Рота заняла оборону в картофельном поле. Немцы, заметив наших бойцов, с перепуга решили, что это авангард наступающей русской дивизии. На дороге появился офицер. Он размахивал нательной рубахой, привязанной к штыку:

— Наш генерал готов начать переговоры…

— Хорошо, мы высылаем командира взвода! — крикнул Мамед.

Немец замахал руками:

— Генерал ни за что не станет говорить с лицом ниже его по чину.

Поскольку советского генерала под рукой не оказалось, то к ответственной встрече стал готовиться лейтенант Бадаев.

— Только где же достать мундир? — забеспокоился он.

Кто-то вспомнил, что в боевой обстановке даже самого Рокоссовского видели в легкой кожаной куртке и в галифе без лампасов.

— А я встречал генерала в маскировочном халате, точно в таком, как на мне, — сказал ротный снайпер.

…Об этих переговорах на генеральском уровне теперь имеется много письменных источников, и я сошлюсь на один из них:

«Зеленый с коричневыми разводами маскировочный халат закрыл и кирзовые сапоги и погоны. Оставались открытыми только лицо и грудь Мамеда. На его груди уместились почти все ордена роты: слева — шесть орденов Красного Знамени, справа — в два ряда ордена Отечественной Войны. Для медалей места уже не осталось.

Мамед вышел на шоссе. По обеим сторонам с отступлением на один шаг стали его секунданты. Из-за дымящихся тягачей в сопровождении двух офицеров показался немецкий генерал. Он шел, далеко выкидывая вперед левую ногу. «Как на параде», — подумал Мамед.

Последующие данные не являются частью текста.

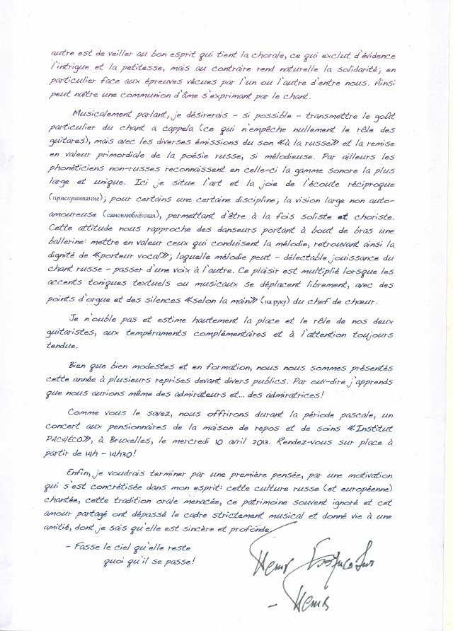 Aux choristes présents et futurs de « Rossa & Nota »Bruxelles, mars 2013 Chers amis chortistes amoureux, de la culture et du chant russe Un an déjà! Par un coup d'audace a commencé son existence bruxelloise notre petit ensemble vocal russe d'hommes, dont le nom fait appel à la fraîcheur de la rosée inspirant et libérant la note de musique. Un défi, ce fut certes, car comment caractériser un cercle plus disparate que le nôtre, tant par les personnalités, les existences, les sensibilités et les expériences musicales. Le plus fou est d'avoir attiré dans le champ vocal - si je puis dire - des lascars n'ayant jamais, jamais, au grand jamais chanté de leur vie. D'aucuns ont bien chanté, mais fort différemment, de plus un tout autre répertoire : classique, jazz, catholique-romain, orthodoxe russe, tsigane russe, rock, ou vaguement fredonné quelque chose en ignorant les règles fondamentales du chant « à la russe », tant individuel que choral. Un seul, expérimenté, avait chanté avec moi en quatuor et en octuor, il y a quelque 33 ans! La voix nous est donnée à la naissance, elle fait partie de notre être, aussi naturellement que les mais et la tête (l'enfant entend la voix de sa mère et les bruits alentour avant son apparition au monde). Autre chose est ce que nous en faisons : un simple son neutre aidant à communiquer, un bruit de plus dans une société qui en est saturée, ou un instrument permettant de passer du visible à l'invisible ainsi que du plus extérieur au plus intime.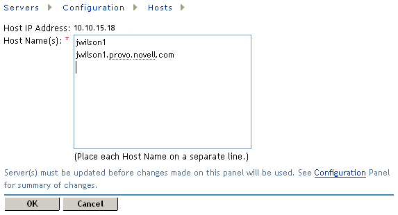 In the text box, specify a name for the host. Place each hostname on a separate line, then click .

Расстояние уменьшалось. Вскоре можно было даже различить белый шрам на лице генерала, а на груди клинообразную ленту с «железным крестом». Незаметным движением Мамед распахнул маскировочный халат, открывая ордена. Шагах в пяти друг от друга обе группы остановились. Немец гаркнул:

— Генерал Иоахим фон Шлюбке Магдебургский…

— Генерал Мамед Анауский (Анау — пригородный аул Ашхабада. — И. Ш.). — И властно добавил: — Условие одно. Безоговорочная капитуляция. Все оружие сложите вон там в кювете!»

Я цитировал здесь рассказ известного туркменского писателя Сейитнияза Атаева. Рассказ этот заканчивался так:

«Никто, конечно, не знает, что «генерал Мамед Анауский» вот уже двадцать с лишним лет пасет колхозную отару в родном ауле».

Я удивился и спросил у Сейитнияза:

— Почему же у тебя журналист превратился в пастуха?

— Я все-таки писал не документальный очерк, а литературную вещь, — ответил автор. — И имел право на домысел. Это, во-первых…

— А во-вторых?

— Если бы я указал, как было на самом деле, то мои редакторы признали бы концовку нетипичной и наверняка заставили ее переделать, — подтверждая мои собственные мысли, сказал писатель. — Ведь многие думают, что все нынешние журналисты сами не воевали, а лишь писали в газетах о тех, кто воевал. Вот таким бы неплохо посмотреть, как мы с Мамедом, преклонив колени на ашхабадском перроне, целовали расплавленный солнцем асфальт. Был у нас такой уговор: если вернемся живыми в Ашхабад, то сразу же поцелуем родную землю.

Уговор этот был заключен в сорок третьем году под Киевом. Только что появившийся на позициях стрелковый батальон, где командирами взводов были Бадаев и Атаев, бросили в наступление на деревню Сычевку.

Взвод Бадаева сосредоточивался в ходах сообщения, отбитых у врага.

— Приготовиться к атаке! — скомандовал Мамед.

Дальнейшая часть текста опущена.